Individual members of the chorus each lifted enough of the curtain to sing the final choral celebration as Willis-Sørensen gathered her shopping bags, returned the apartment to its former toppled condition and disappeared.

Like any good dream this production asked more questions than it answered. And it gave us a dream-cast to ask them. It was a significant achievement by this relevant and fascinating opera company.

Saturday, April 7, 2012

Met Live in HD Review; The Diagonal Manon

Tenor Piotr Beczala as the Chevalier des Grieux was the most pleasant surprise in the Met Live in HD production of Manon. He sang with consistent elegance, power and fiery control. “En fermant les yeux” was gorgeous and sung from a stunning placement near a black wrought iron railing, cast on a diagonal, with Anna Netrebko lying down on the landing so that her head was slightly above his even though she was horizontal.

This work with relative heights was an effective feature of the sets by Laurent Pelly. Pelly developed diagonals throughout the production: There was a diagonal stairway in the bland set for Act I, many diagonals in the loft apartment in Act II, diagonal ramps galore in the Cours-la-Reine scene, which was echoed in the scene with the gamblers in Act IV, and in Act V all diagonals were finally resolved by tilting them upstage and allowing the sight-line to disappear. The only place unsaturated with diagonals was the seminary of St. Sulpice in Act III scene 2, and their absence helped anchor the importance of this scene by creating a visual stasis. The scene seemed settled and in opposition to the directed motion of the ramps and other diagonals of the production.

The production was updated to 19th century styles but that did not add anything significant to the telling of the story. Massenet sets archaic music frequently in the work and all that music felt askance. The production itself also interfered with the narrative in many places. For example, Pelly had the top-hatted gentlemen of the Cours-la-Reine abduct some of the ballet dancers in a scene that suddenly became unnecessarily Lulu.

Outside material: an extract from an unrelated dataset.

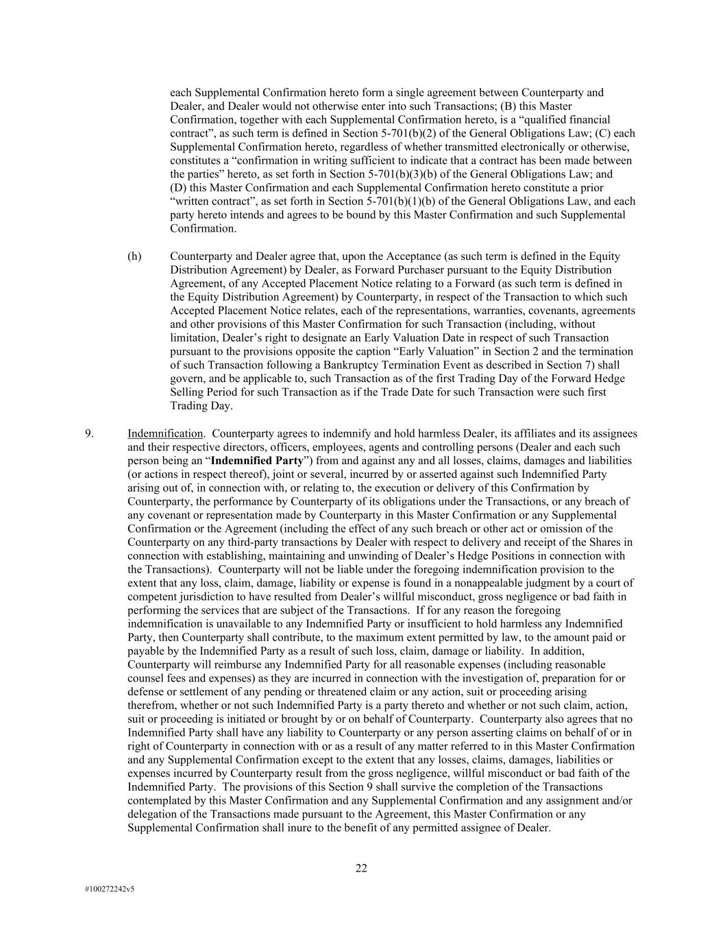 22 # 100272242v5本协议的每一份补充确认书在交易对方和交易商之间形成单一协议,交易商不会以其他方式进行此类交易;(b)本主确认书连同本协议的每一份补充确认书是“合格的金融合同”,该术语在《一般义务法》第5-701(b)(2)节中定义;(c)本协议的每一份补充确认书,无论是否以电子方式传送,均构成本协议的“足以表明双方已订立合同的书面确认书”,根据《一般义务法》第5-701(b)(3)(b)节的规定;和(d)本主确认书和本合同的每一份补充确认书构成《一般义务法》第5-701(b)(1)(b)节规定的事先“书面合同”,本合同的每一方均打算并同意受本主确认书和该补充确认书的约束。(h)交易对方和交易商同意,在交易商作为根据Equity Distribution协议的远期买方接受(该等术语在TERM1协议中定义)任何已接受的与交易对方就该已接受的配售通知所关乎的交易有关的远期(该等术语在Equity Distribution协议中定义)的配售通知时,就该已接受的配售通知而言,就该等交易作出的每项陈述、保证、契诺、协议及本主确认书的其他规定(包括但不限于,交易商根据第2节“提前估值”标题相对的规定指定此类交易的提前估值日期的权利,以及在第7节)中所述的破产终止事件后终止此类交易的权利,应管辖并适用于此类交易的远期对冲卖出期的第一个交易日的此类交易,如同此类交易的交易日期是此类第一个交易日一样。9.赔偿。交易对方同意就因交易对方执行或交付本确认书、交易对方履行其在交易项下的义务而引起、与之相关或与之相关的任何和所有损失、索赔、损害和责任(或与之相关的行动),对交易商、其关联公司及其受让人及其各自的董事、高级管理人员、雇员、代理人和控制人(交易商和每一此类人为“受偿方”)进行赔偿并使其免受损害,或任何违反交易对手在本主确认书或任何补充确认书或协议中作出的任何契诺或陈述(包括交易对手的任何该等违反或其他作为或不作为对交易商就与交易有关的交易商对冲头寸的建立、维持和解除有关的股份交付和接收的任何第三方交易的影响)。如果有管辖权的法院在不可上诉的判决中发现任何损失、索赔、损害、责任或费用是由于交易商在履行交易标的服务时的故意不当行为、重大过失或恶意导致的,则交易对手方不会根据上述赔偿条款承担责任。如果由于任何原因,任何被赔偿方无法获得上述赔偿或不足以使任何被赔偿方免受损害,则交易对方应在法律允许的最大范围内,对被赔偿方因此类损失、索赔、损害或责任而支付或应付的金额作出贡献。此外,交易对手将向任何受弥偿方偿还因调查、准备或抗辩或解决任何未决或威胁索赔或由此产生的任何诉讼、诉讼或程序而产生的所有合理费用(包括合理的律师费和开支),无论该受弥偿方是否为其一方,也无论该索赔、诉讼、诉讼或程序是否由交易对手或代表对方发起或提起。交易对方亦同意,任何获弥偿方均不得就本主确认书及任何补充确认书所提述的任何事项或因该事项而对交易对方或代表交易对方主张债权或对其权利主张债权的任何人承担任何责任,除非交易对方因重大过失而招致的任何损失、债权、损害、责任或费用, 被赔方的故意不当行为或恶意。本条第9款的规定应在本主确认书所设想的交易完成后继续有效,且任何补充确认书以及依据本协议作出的交易的任何转让和/或转授、本主确认书或任何补充确认书均应符合交易商的任何许可受让人的利益。

This Live-in-HD production was also marked by an overabundance of camera shifting. At times it was dizzying. There was no reason to shift perspectives so frequently when the music, acting and singing was so good.

The backstage interviews were also bland. Bland. We need to ask Fabio Luisi better questions. He has been asked the same question every time he has been on camera...Yes, he likes to conduct different repertoire at the same time. Yup. Luisi could probably conduct Wagner with his left hand and Massenet with his right. Lets get him some questions that will allow him to tell us something about the music itself. Give us some insight.

Thankfully, Netrebko had her own volume turned all the way up. She gave a characteristically cool interview in front of her costumes. "This is the very first is supposed to look very innocent and simple. Those ones who call me Mary Poppins immediately go down to Hell!" We needed it. It felt great.

Netrebko also sounded strong and accurate. There were very few of the pitch problems that Tommasini wrote about on opening night. She also looked better than she did in Anna Bolena earlier this season. "I feel a purifying flame within me," she sang near the end of the opera. Purifying indeed.